LotS: Frost Moon Chapter Four - Rescuing Baldor

  • Chapter Four

    Rescuing Baldor

     

    Content Warning: Language, Violence, Thalmor

     

    Rakki zigzagged over frosted hill and ashy plain, her nose to the ground, tail quivering with energy as she charged—slowed—charged again in pursuit of the missing blacksmith. Kjeld, Morwen and Reidar kept close stride behind her.

    Neither one questioned the dog’s tracking ability; even if they had, the tracks in the snow and the gouged heel marks of a body being dragged were signs that were hard to ignore. The occasional flit of wildlife threatened to take the husky’s attention from Baldor’s trail, but Kjeld made a low, short whistle and she’d continue with focus renewed.

     

    The three searching Skaal refrained from shouting Baldor’s name across half of Solstheim. Deor’s grim account of seeing elves on the shore last morning was the reason for their reticence, and not a single step was taken without at least one of them throwing scrutinizing looks over their shoulders.

     

    As they followed Rakki, Kjeld’s mind burned.

     

    Why take Baldor? Why take a our smith, of all of us? Baldor was a big man, and he had benefited from a decade of working the forge.
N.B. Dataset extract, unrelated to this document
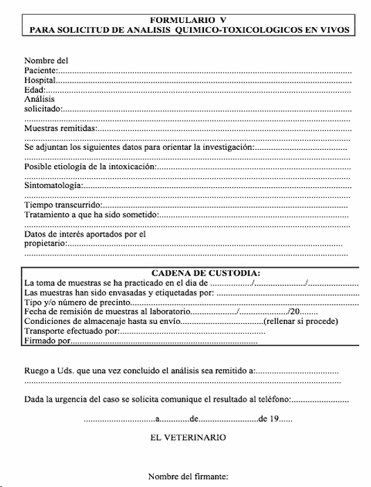 Sangre completa (Sin coagular), orina, biopsia hepática, leche, pelo, fluido ocular, ingesta y cebos, alimento, plantas, suelo, agua. Congeladas: suero sanguineo, heces, visceras, vómitos y aspirado. La extración de sustancias orgánicas no volatiles es especial

His body had been shaped by his craft, same as any metal. He could throw a punch that could crack teeth.

     

    If the elves were after gold, then Fanari Strong-Voice was an easy target—or Aeta. The village would have parted with gold and much more if it promised the safe return of their child. If the elves had a mind to pry the Skaal’s sacred knowledge from old Storn Crag-Strider, then taking Frea would have been the obvious choice.

     

    But they had taken a blacksmith. His master. For reasons Kjeld could not imagine.
    If they need him to craft some armor, they never should’ve stolen him. You can’t trust anything made by an angry smith.

     

    For Baldor’s sake, Kjeld hoped that was the only reason behind this abduction.

     

    What more could they want?

     

    “Smoke!” Whispered Morwen excitedly, her chill-bitten face alive with fervor as their pace slowed at the bottom of a hill. Kjeld looked along the steep embankment, and sure enough, just beyond the crown of jagged rock and fallen tree capping the hill, he spotted the sooty telltale haze of campfire smoke.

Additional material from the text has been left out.